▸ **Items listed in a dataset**

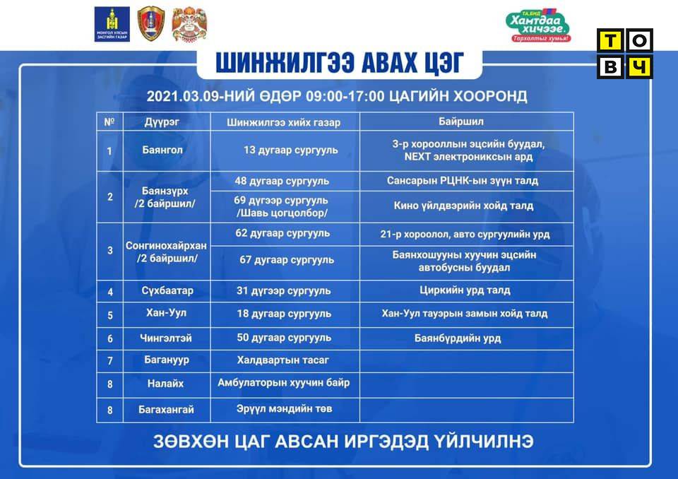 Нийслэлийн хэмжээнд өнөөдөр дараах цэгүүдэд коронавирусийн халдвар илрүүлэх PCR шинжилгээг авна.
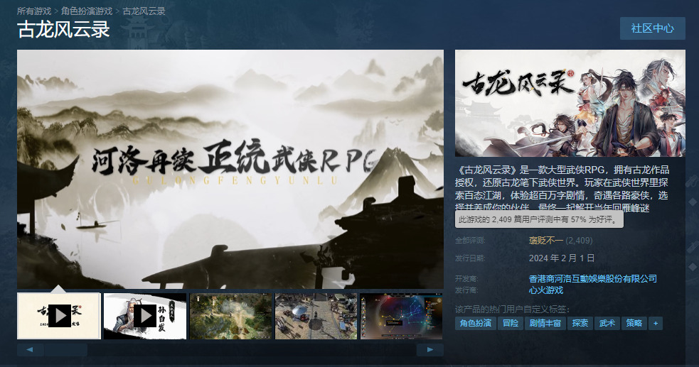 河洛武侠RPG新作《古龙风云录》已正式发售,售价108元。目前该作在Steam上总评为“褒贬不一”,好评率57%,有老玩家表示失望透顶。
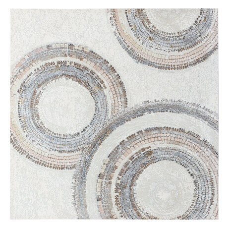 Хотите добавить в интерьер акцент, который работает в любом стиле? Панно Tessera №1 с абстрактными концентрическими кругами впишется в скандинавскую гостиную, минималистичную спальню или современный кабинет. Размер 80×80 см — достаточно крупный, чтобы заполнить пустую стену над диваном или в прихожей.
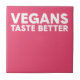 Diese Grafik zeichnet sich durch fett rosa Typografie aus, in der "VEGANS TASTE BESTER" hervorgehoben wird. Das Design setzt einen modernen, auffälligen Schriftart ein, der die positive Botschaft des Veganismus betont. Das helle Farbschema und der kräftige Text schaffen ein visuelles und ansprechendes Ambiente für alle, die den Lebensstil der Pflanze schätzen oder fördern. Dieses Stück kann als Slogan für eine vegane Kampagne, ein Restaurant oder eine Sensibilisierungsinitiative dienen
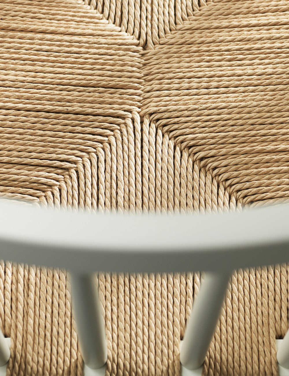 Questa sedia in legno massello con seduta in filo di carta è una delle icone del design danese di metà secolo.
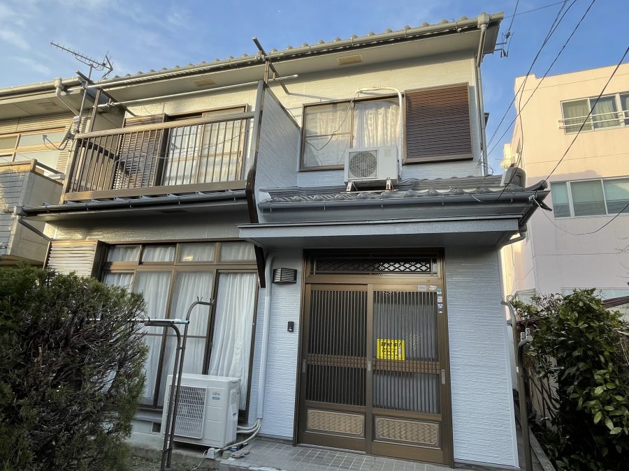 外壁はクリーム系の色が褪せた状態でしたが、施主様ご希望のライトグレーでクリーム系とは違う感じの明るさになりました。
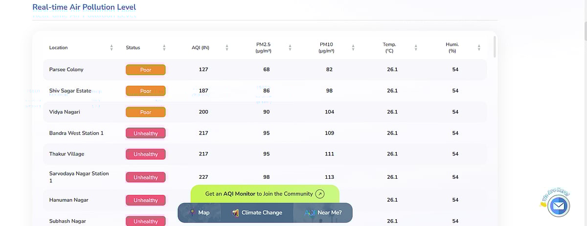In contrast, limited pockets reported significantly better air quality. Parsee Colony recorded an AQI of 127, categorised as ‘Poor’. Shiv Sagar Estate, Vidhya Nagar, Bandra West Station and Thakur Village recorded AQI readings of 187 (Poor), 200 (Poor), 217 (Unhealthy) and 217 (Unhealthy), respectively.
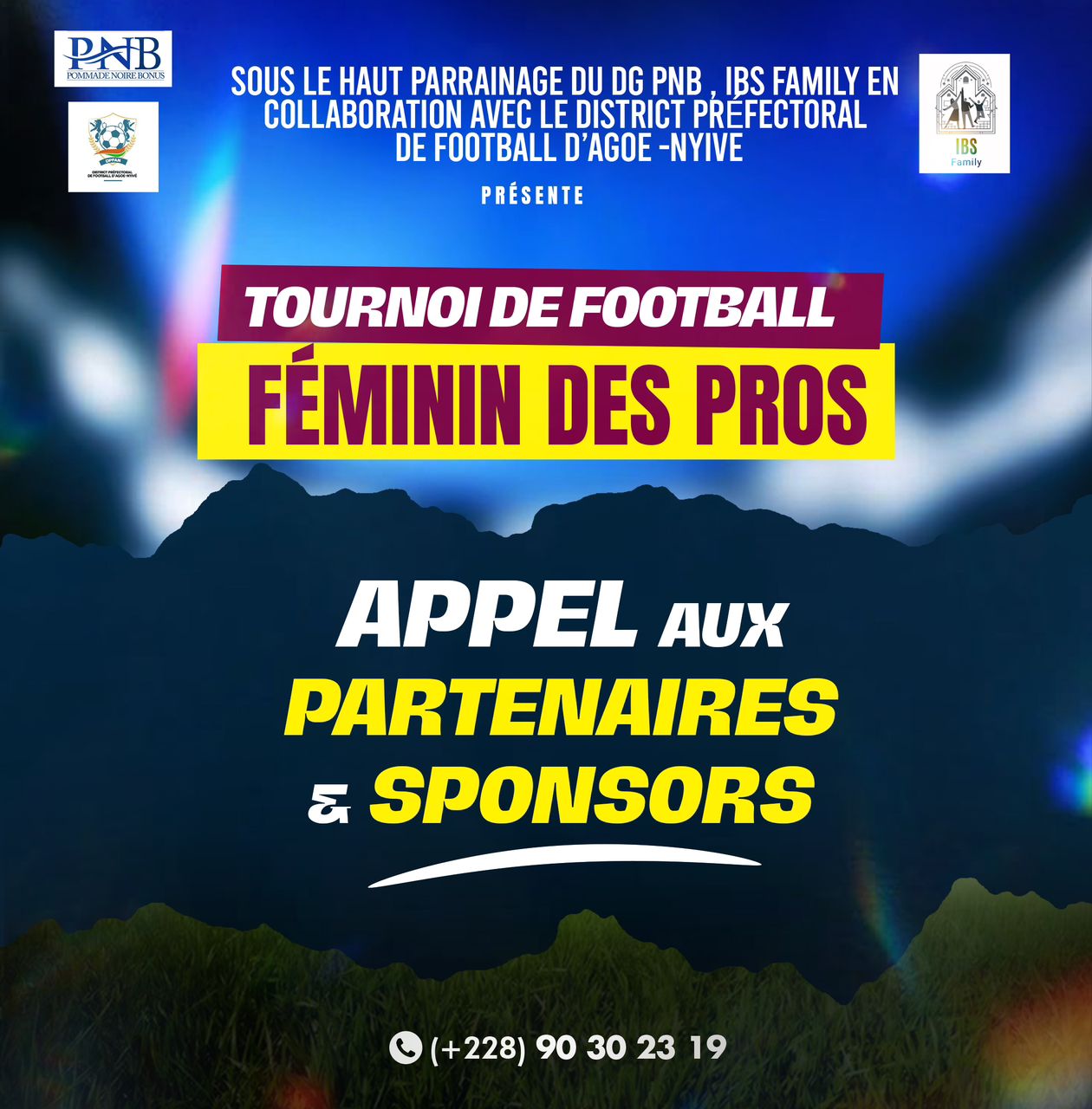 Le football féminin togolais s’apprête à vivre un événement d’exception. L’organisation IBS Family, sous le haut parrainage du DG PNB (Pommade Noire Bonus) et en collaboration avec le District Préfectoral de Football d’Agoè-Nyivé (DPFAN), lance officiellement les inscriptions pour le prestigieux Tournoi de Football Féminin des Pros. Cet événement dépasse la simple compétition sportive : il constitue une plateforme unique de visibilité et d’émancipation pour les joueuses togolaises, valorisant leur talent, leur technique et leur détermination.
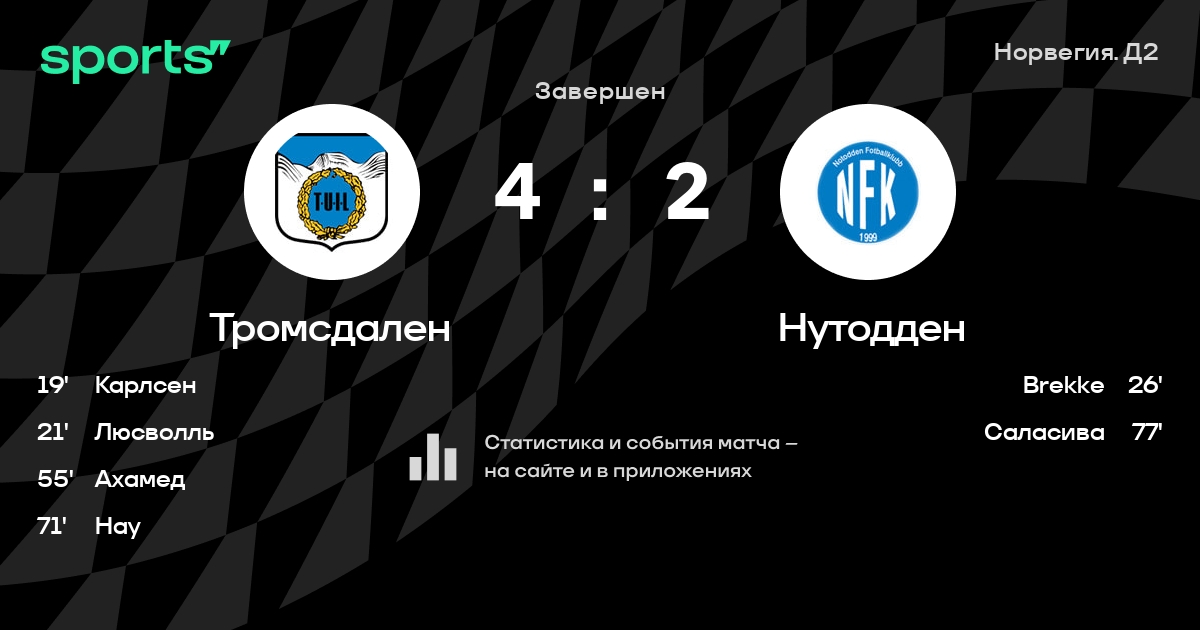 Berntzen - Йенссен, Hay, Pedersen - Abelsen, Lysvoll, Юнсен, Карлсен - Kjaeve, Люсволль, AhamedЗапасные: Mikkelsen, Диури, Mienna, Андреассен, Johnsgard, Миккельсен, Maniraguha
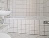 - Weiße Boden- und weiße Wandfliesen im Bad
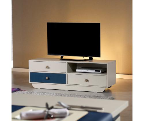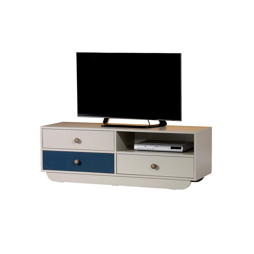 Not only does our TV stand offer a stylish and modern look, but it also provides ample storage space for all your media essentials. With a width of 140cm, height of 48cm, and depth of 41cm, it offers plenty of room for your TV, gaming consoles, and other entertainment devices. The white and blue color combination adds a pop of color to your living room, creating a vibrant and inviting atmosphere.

▸ **TASK ITEM**
Your output should consist solely of the lines from the line containing "Berntzen - Йенссен, Hay, Pedersen" through the end of the data above, copied exactly, with images removed.

▸ **TASK RESPONSE**
 Berntzen - Йенссен, Hay, Pedersen - Abelsen, Lysvoll, Юнсен, Карлсен - Kjaeve, Люсволль, AhamedЗапасные: Mikkelsen, Диури, Mienna, Андреассен, Johnsgard, Миккельсен, Maniraguha
 - Weiße Boden- und weiße Wandfliesen im Bad
 Not only does our TV stand offer a stylish and modern look, but it also provides ample storage space for all your media essentials. With a width of 140cm, height of 48cm, and depth of 41cm, it offers plenty of room for your TV, gaming consoles, and other entertainment devices. The white and blue color combination adds a pop of color to your living room, creating a vibrant and inviting atmosphere.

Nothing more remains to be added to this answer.